Da Redação
Reunião entre advogado do banqueiro e André Mendonça indica avanço nas negociações de colaboração premiada que pode atingir o núcleo do poder em Brasília.
A possível delação premiada do banqueiro Daniel Vorcaro entrou em uma nova fase após uma reunião direta entre seu advogado, José Luis Oliveira Lima, e o ministro do Supremo Tribunal Federal André Mendonça, relator do caso Master. O encontro, realizado no próprio STF, teve como foco central a viabilidade de um acordo de colaboração, indicando que a estratégia de defesa do empresário passou a considerar de forma concreta a hipótese de delatar.

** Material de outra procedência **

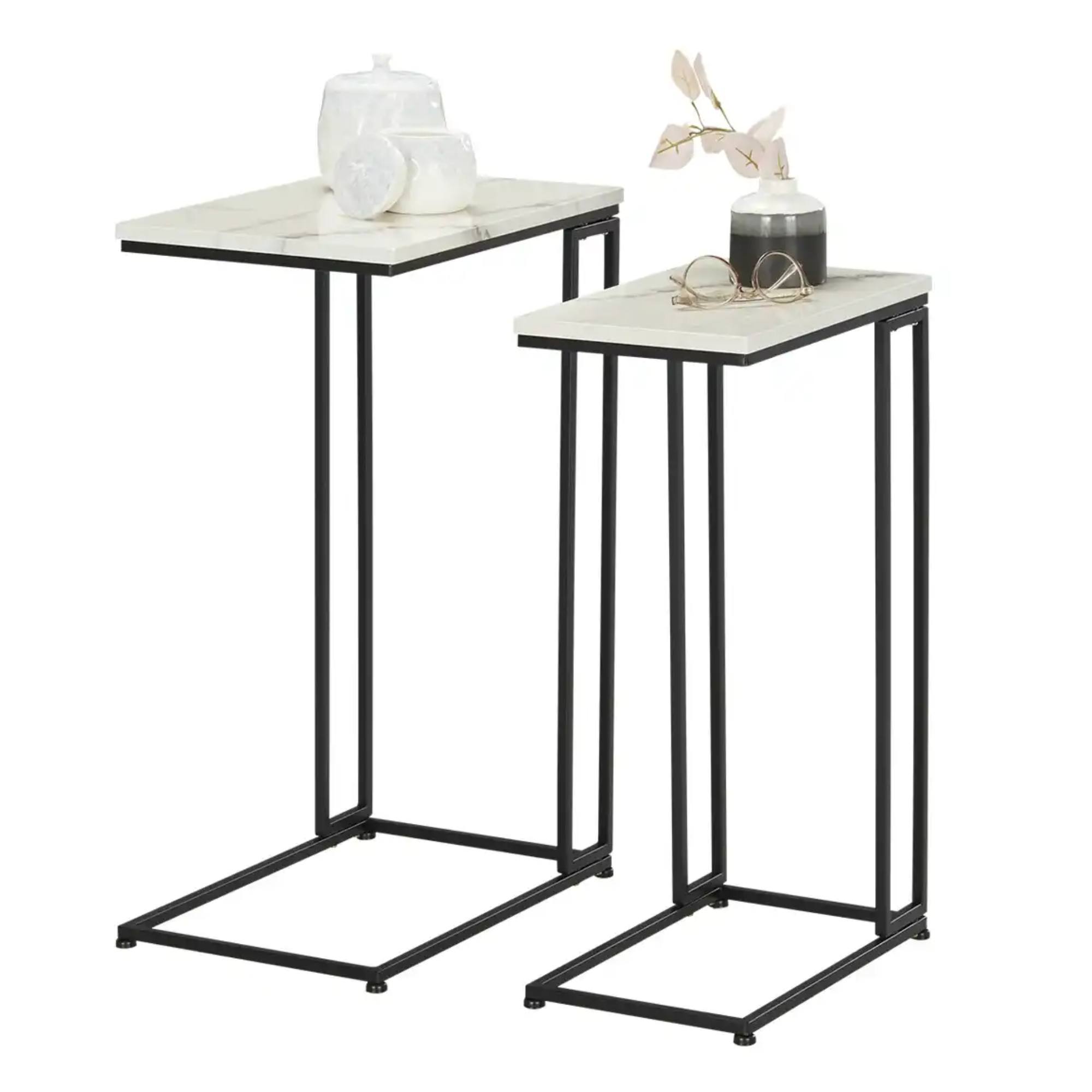 Sada obsahuje 2 ks stolíkov v rôznych veľkostiach. Stolíky na prvý pohľad zaujmú doskou s dekorom bieleho mramoru, ktorá je luxusným prvkom ich moderného dizajnu. Doska je vyrobená z laminovaného drevotrieskového materiálu. Ich stabilitu zaisťuje kovová konštrukcia nôh s povrchovou úpravou práškovým lakom v čiernej farbe. Na úsporu miesta je možné menší stolík uskladniť pod väčší.

A movimentação ocorre em meio a uma mudança significativa na equipe jurídica de Vorcaro. A saída de advogados que tradicionalmente resistem a acordos de delação e a entrada de Oliveira Lima, conhecido por atuar em negociações desse tipo, é interpretada nos bastidores como um sinal claro de reorientação estratégica. O novo defensor, apelidado de “Juca”, já participou de delações de grande impacto, como a do ex-presidente da OAS, Léo Pinheiro, durante a Lava Jato.
O encontro com Mendonça representa o primeiro gesto institucional direto nesse sentido. Até então, as conversas sobre colaboração ocorriam principalmente no âmbito da Procuradoria-Geral da República e da Polícia Federal. Agora, ao levar o tema diretamente ao relator do processo, a defesa sinaliza que busca estruturar um eventual acordo com respaldo judicial desde o início, o que pode acelerar ou dar maior segurança jurídica às negociações.
Apesar disso, o cenário ainda está longe de uma definição. Fontes próximas às investigações indicam que há múltiplas frentes de negociação em curso, envolvendo tanto a PGR quanto a Polícia Federal, e não há consenso sobre qual caminho será seguido. Internamente, inclusive, a estratégia divide a própria defesa, que avalia riscos e benefícios de uma delação em um caso com alto potencial explosivo.
Esse potencial é o que tem colocado Brasília em estado de alerta. A eventual colaboração de Vorcaro vem sendo descrita nos bastidores como capaz de atingir figuras centrais dos Três Poderes, dada a rede de relações políticas, financeiras e institucionais revelada pelas investigações do caso Master. O volume de provas já reunido, incluindo documentos e dispositivos eletrônicos apreendidos, aumenta a pressão sobre o banqueiro e eleva o valor estratégico de uma eventual delação.
O contexto da prisão também pesa nesse cálculo. Vorcaro teve sua detenção mantida pelo STF após decisão que apontou descumprimento de medidas cautelares e a existência de novos elementos nas investigações. A permanência em uma unidade de segurança máxima amplia o incentivo para que o empresário busque um acordo como forma de reduzir sua exposição penal.
Outro fator relevante é a tensão institucional no entorno do caso. Há sinais de desgaste na relação entre o ministro André Mendonça e o procurador-geral da República, Paulo Gonet, especialmente após divergências sobre a condução da prisão do banqueiro. Esse ambiente de disputa interna pode influenciar diretamente os caminhos de uma eventual colaboração, já que diferentes órgãos têm interesses e estratégias distintas no processo.
No plano estrutural, o episódio revela mais uma vez o papel central da delação premiada como instrumento de poder no sistema judicial brasileiro. Desde a Operação Lava Jato, esse mecanismo passou a ocupar posição estratégica na produção de provas e na reconfiguração de disputas políticas, frequentemente com efeitos que ultrapassam o campo jurídico e atingem o núcleo do poder institucional.
A possível delação de Vorcaro se insere exatamente nesse padrão, mas com uma diferença crucial: o alcance potencial. Ao contrário de outros casos, o conjunto de conexões reveladas até agora sugere que a colaboração pode atravessar simultaneamente o sistema financeiro, o Congresso, o Executivo e até o próprio Judiciário, criando um cenário de alta instabilidade política.
No limite, o que está em jogo não é apenas o destino jurídico de um banqueiro, mas a capacidade do sistema político de absorver o impacto de revelações que podem redesenhar alianças, expor relações estruturais entre capital e poder e tensionar ainda mais o já delicado equilíbrio entre as instituições. A reunião no STF, nesse sentido, não é um episódio isolado. É o sinal mais claro até agora de que a engrenagem de uma possível delação de alto impacto começou a se mover.